Please do not propagate the numbers I present below right away. I may adapt them based on community feedback.
Approach I: article edits
In those 12 months July 2007-June 2008 all projects together received 133 million edits, distributed as follows:
|Wikispecial:||582||thousand (commons, species, meta, …)|
These are edits on namespace 0 (real article edits, no talk pages, no category pages, etc). I would estimate the other namespaces account for 2-5% but let us skip these for now. I would have preferred to use edit counts that include all namespaces, possibly with exception of discussion pages, but wikistats does not count anything but namespace 0 right now (an anachronism really, should be changed).

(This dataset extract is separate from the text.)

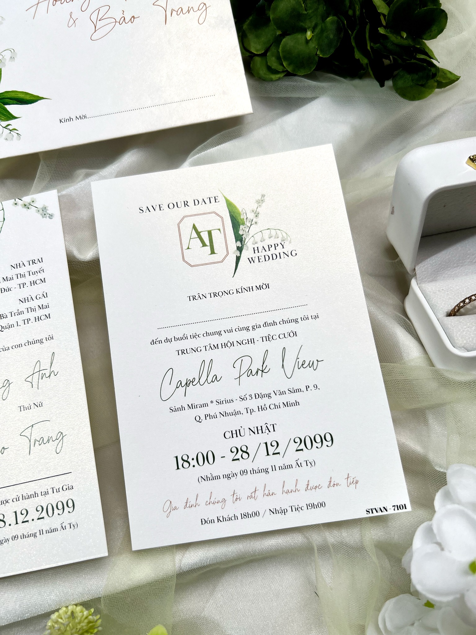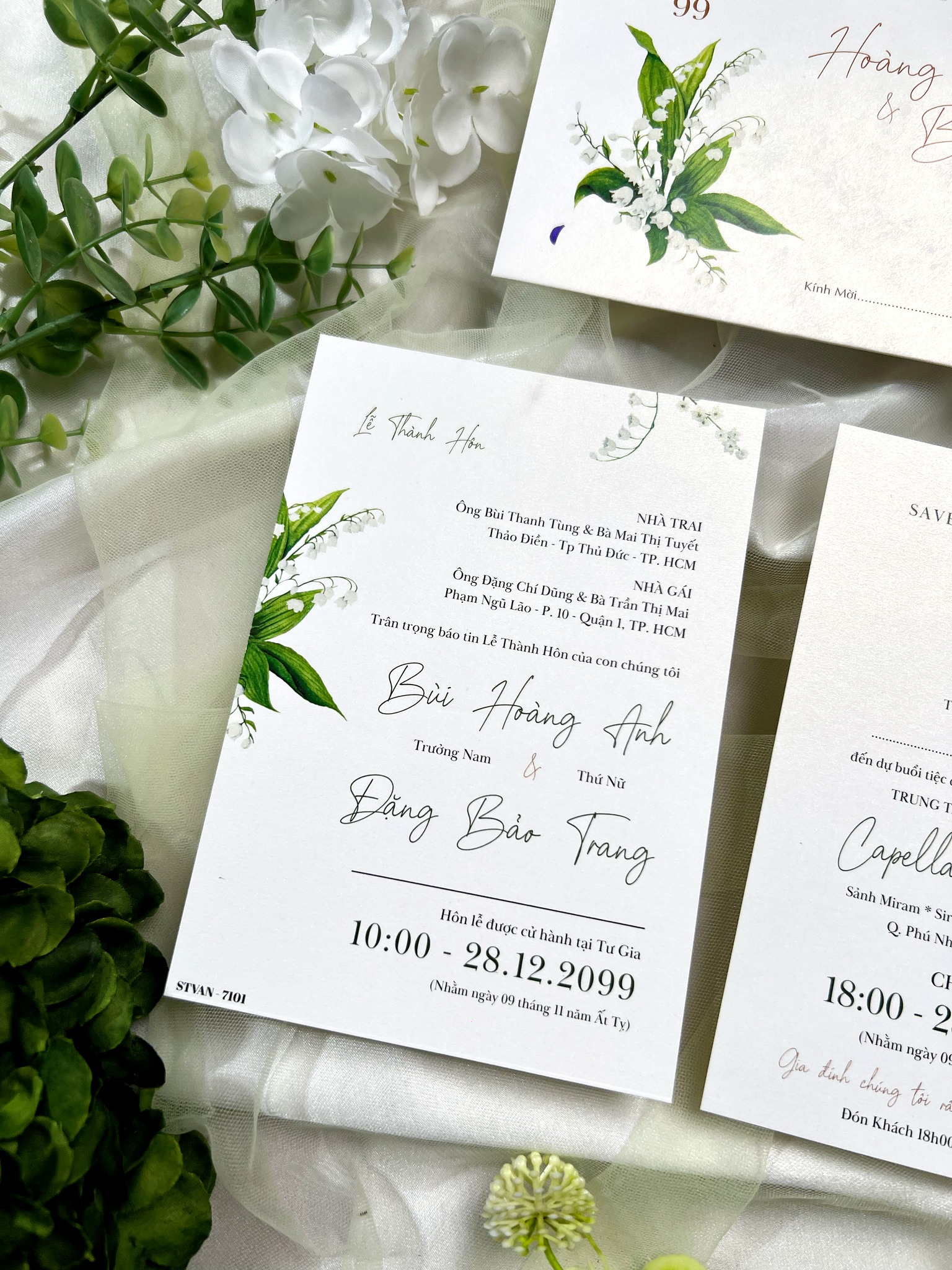 - Thiệp cưới Hoa Linh Lan là sự kết hợp hoàn hảo giữa nét hiện đại và tinh tế. Lấy cảm hứng từ loài hoa linh lan trắng – biểu tượng của hạnh phúc vĩnh cửu, mẫu thiệp mang đến cảm giác trong trẻo, thanh khiết và tràn đầy yêu thương.

Assume +0% for other namespaces
See this Bot Activity Matrix: wikistats knows % bot activity per project/language, but only as average for total life time of a language project. Bot activity grows over the years. So the percentage for period under scrutiny might be somewhat higher. The largest wikipedias for which numbers are known (excl. English) have relatively few bot edits (German 8%, Japanese 6%), for the next largest 15 projects it is between 22% and 30%. I assume English Wikipedia has more in common with German and Japanese than with smaller Wikipedias, but let us be reasonably conservative.
Assume -20% for bots
This leaves 107 million manual edits on the article namespace in one year.
The big question is how much time took an average manual edit? 30 seconds? 5 minutes? There are many fast edits for spellchecking and vandal patrol (though not all vandal corrections are that easy). For arguments sake let us assume the average edit took 3 minutes.

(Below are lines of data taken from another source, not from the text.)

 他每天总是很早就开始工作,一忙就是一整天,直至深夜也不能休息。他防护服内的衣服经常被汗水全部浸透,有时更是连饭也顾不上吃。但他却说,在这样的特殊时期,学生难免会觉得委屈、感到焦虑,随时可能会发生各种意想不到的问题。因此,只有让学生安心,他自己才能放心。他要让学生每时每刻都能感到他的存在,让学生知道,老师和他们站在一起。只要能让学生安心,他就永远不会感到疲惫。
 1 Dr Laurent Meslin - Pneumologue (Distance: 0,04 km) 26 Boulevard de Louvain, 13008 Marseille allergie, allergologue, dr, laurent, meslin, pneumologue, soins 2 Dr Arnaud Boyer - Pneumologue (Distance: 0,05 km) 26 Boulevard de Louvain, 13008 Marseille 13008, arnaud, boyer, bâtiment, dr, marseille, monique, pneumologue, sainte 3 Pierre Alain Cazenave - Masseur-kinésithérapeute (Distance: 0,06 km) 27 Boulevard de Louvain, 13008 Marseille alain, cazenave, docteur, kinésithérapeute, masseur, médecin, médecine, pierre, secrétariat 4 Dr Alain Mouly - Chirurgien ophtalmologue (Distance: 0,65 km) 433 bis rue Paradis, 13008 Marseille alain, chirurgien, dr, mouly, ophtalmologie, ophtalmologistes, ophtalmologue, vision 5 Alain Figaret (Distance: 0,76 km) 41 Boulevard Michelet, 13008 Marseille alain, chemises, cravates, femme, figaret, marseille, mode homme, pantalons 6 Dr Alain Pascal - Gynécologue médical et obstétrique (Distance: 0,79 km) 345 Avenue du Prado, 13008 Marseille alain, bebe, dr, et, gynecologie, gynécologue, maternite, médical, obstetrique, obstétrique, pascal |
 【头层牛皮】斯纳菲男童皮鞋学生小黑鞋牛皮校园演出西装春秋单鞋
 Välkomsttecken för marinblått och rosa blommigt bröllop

There are 525600 minutes in a year. So if one person edited continuously, all day long, every day, no sleep, it would cost him/her 609 years to make 107 million edits.

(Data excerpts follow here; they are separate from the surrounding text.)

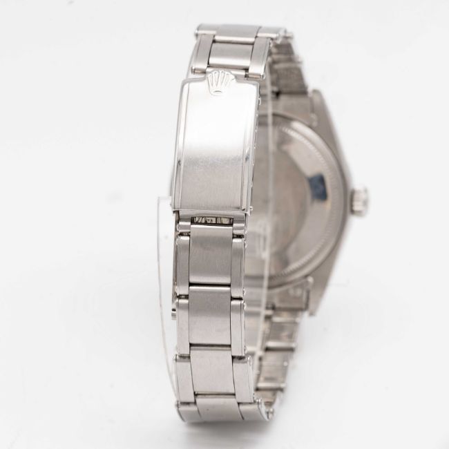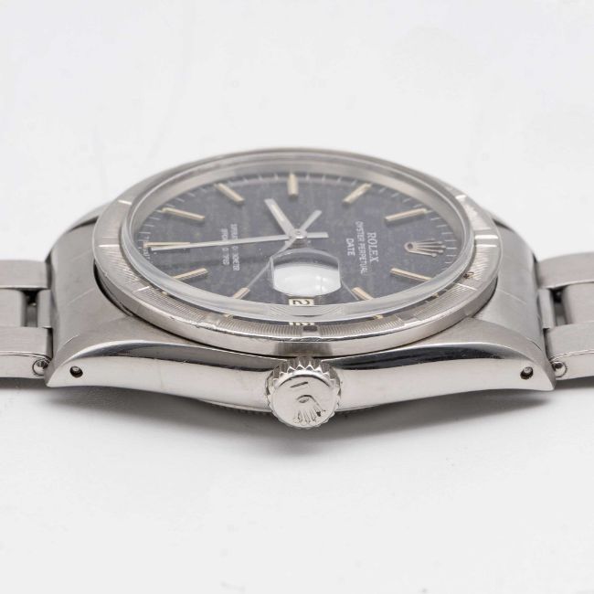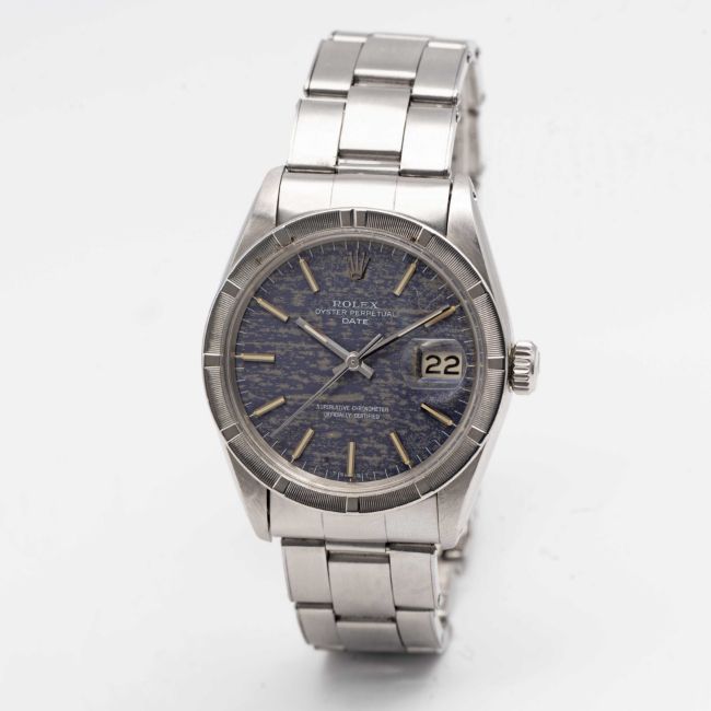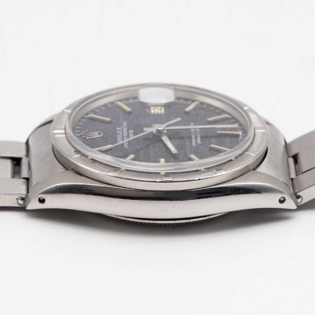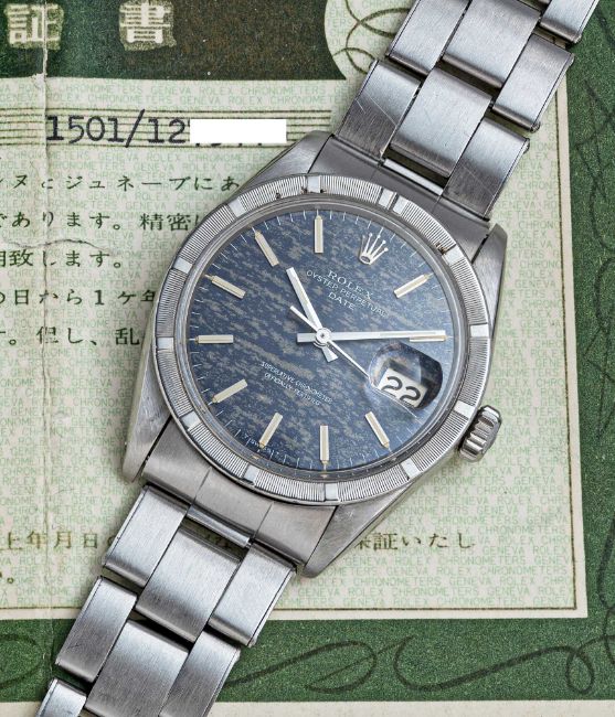 A GENTLEMAN'S STAINLESS STEEL ROLEX OYSTER PERPETUAL DATE BRACELET WATCHCIRCA 1966, REF. 1501 WITH "DISTRESSED DENIM" DIAL, ACCOMPANIED ORIGINAL GUARANTEE PAPERWORKMovement: 26J, automatic chronometer, cal. 1570, signed Montres Rolex S.A., numbered.Case: Diameter approx. 34.5mm, Oyster case, milled bezel, signed Montres Rolex S.A., serial no. 1,2xx,xxx, Rolex crown.Bracelet: Original Rolex Oyster riveted bracelet, numbered 7205/60, dated 1/66.CONDITION REPORTDial: Original dial in very good "distressed" condition, dial from slightly later period to the watch.Movement: Running & functioning at present, timekeeping and accuracy cannot be guaranteed.Case: In very good condition, with light scratches & wear due to general use.Strap/Bracelet: In good condition, with light scratches & wear.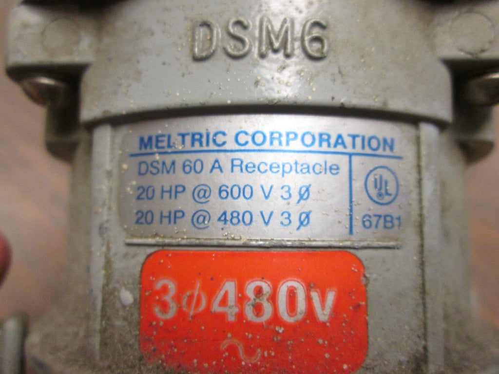 Meltric Receptacle w/ Base Part #: DSM00A 20HP 480V/600V 3Ph Approx. 27A Used LOC: 57L2-7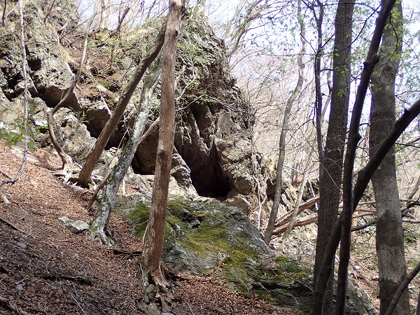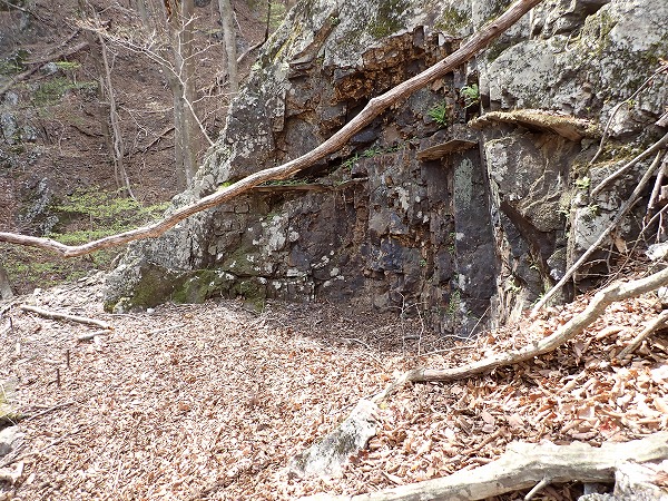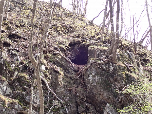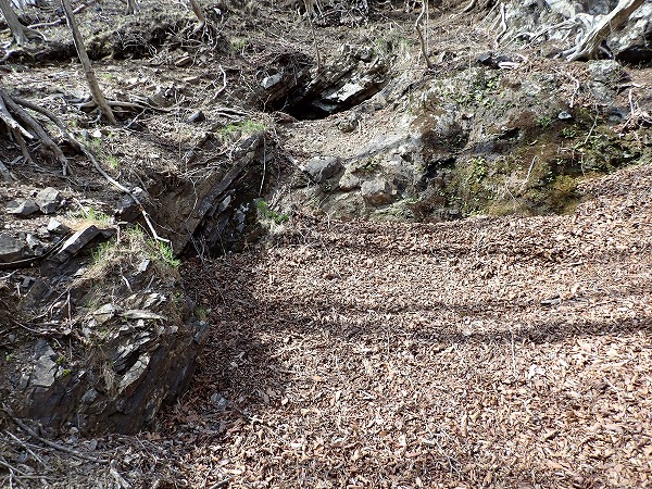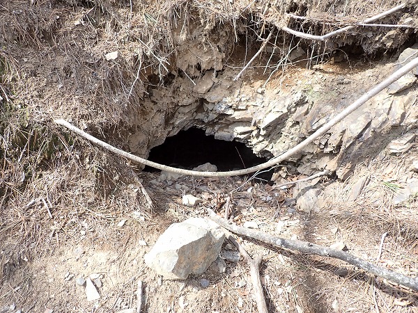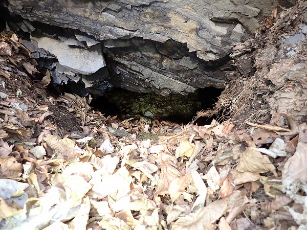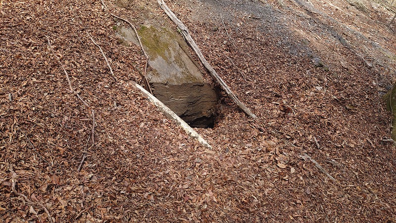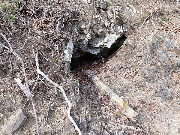 一番下には落ち葉に埋もれた坑口。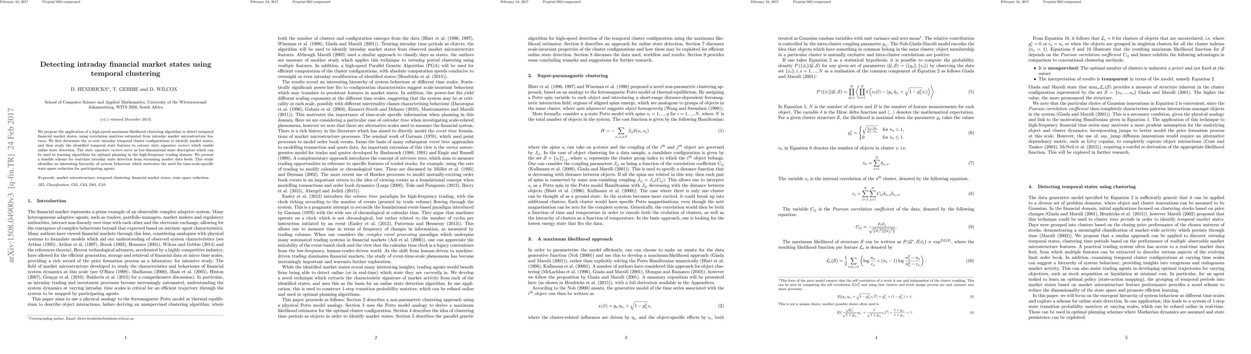 We propose the application of a high-speed maximum likelihood clustering algorithm to detect temporal financial market states, using correlation matrices estimated from intraday market microstructure features. We first determine the ex-ante intraday temporal cluster configurations to identify market states, and then study the identified temporal state features to extract state signature vectors which enable online state detection. The state signature vectors serve as low-dimensional state descriptors which can be used in learning algorithms for optimal planning in the high-frequency trading domain. We present a feasible scheme for real-time intraday state detection from streaming market data feeds. This study identifies an interesting hierarchy of system behaviour which motivates the need for time-scale-specific state space reduction for participating agents.

Now let’s assume a workday of 8 hours, 5 workdays a week, 50 weeks per year. The same worker would now need 2667 years to do all these edits alone: 133 million edits / 40000 edits per year (60*8*5*50/3) = 2667 FTE’s. At a yearly wage of $50,000 that would total $132 million
Again: the big unknown is how much time takes an average edit. It could be 2 minutes ($88 million), or 5 minutes ($220 million) or more (read article section or article diff, think, check facts, edit, preview, correct, save).
Proviso’s / Assumptions
- See table with monthly edits on Wikipedia : Latest wikistats data are for May 2008. For each project I have normalized counts to 12 months: for most projects that meant total for Jul’07-May’08 * 12/11, for Wp DE Jul’07-Feb’08 * 12/8
- For English Wikipedia I have assumed a flat growth rate since last know data, and taken Jun’06-Sep’06 (4 months) * 3: There is no other project that has not seen an increase in edits is last 2 years, except German (0.98 as much average edits per months in Jul’07-Feb’08 versus Jun’06-Sep’06. Other top 10 projects saw growth ratios between 1.13 and 2.41
Approach II: word counts
Here is totally different approach, which should yield very conservative numbers, but with an easier conversion to dollar value. The idea is a two step process:
First count how many words have been added in 12 months July 2007-June 2008. Of course many texts have been edited time and again, and many more words have been written than have survived till the end of the period under investigation, but that makes this estimate truly a conservative one! By the way wikistats word counts is already conservative, it counts words after stripping markup text, links etc.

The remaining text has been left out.